Article

Opdivo Granted Priority Review for Advanced Renal Cell Carcinoma

Opdivo shows extended overall survival and fewer adverse events in patients with RCC compared with Afinitor.

Opdivo shows extended overall survival and fewer adverse events in patients with RCC compared with Afinitor.

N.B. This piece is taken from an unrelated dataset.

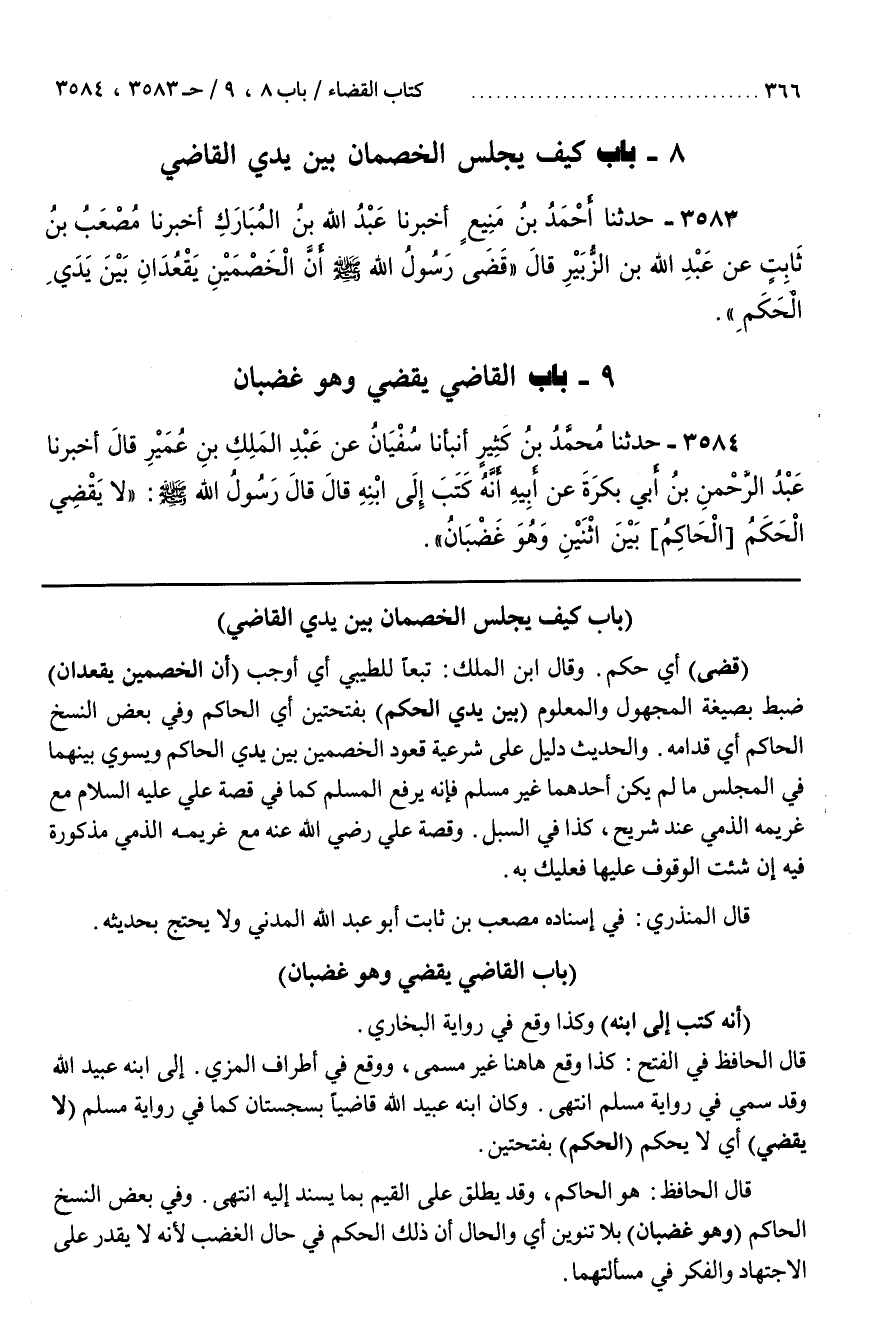وقال بن الْمَلَكِ تَبَعًا لِلطِّيبِيِّ أَيْ أَوْجَبَ (أَنَّ الْخَصْمَيْنِ يَقْعُدَانِ) ضُبِطَ بِصِيغَةِ الْمَجْهُولِ وَالْمَعْلُومِ (بَيْنَ يَدَيِ الْحَكَمِ) بِفَتْحَتَيْنِ أَيِ الْحَاكِمِ وَفِي بَعْضِ النَّسْخِ الْحَاكِمِ أَيْ قُدَّامَهُ

The FDA granted priority review designation to the PD-1 inhibitor nivolumab (Opdivo) for patients with advanced renal cell carcinoma (RCC) following prior antiangiogenic therapy.

The designation followed the results of the phase 3 CheckMate-025 trial that showed an extension in overall survival (OS). In the study, Opdivo was found to decrease the risk of death by 27% compared with everolimus (Afinitor), which represents a 5.4-month improvement in median OS.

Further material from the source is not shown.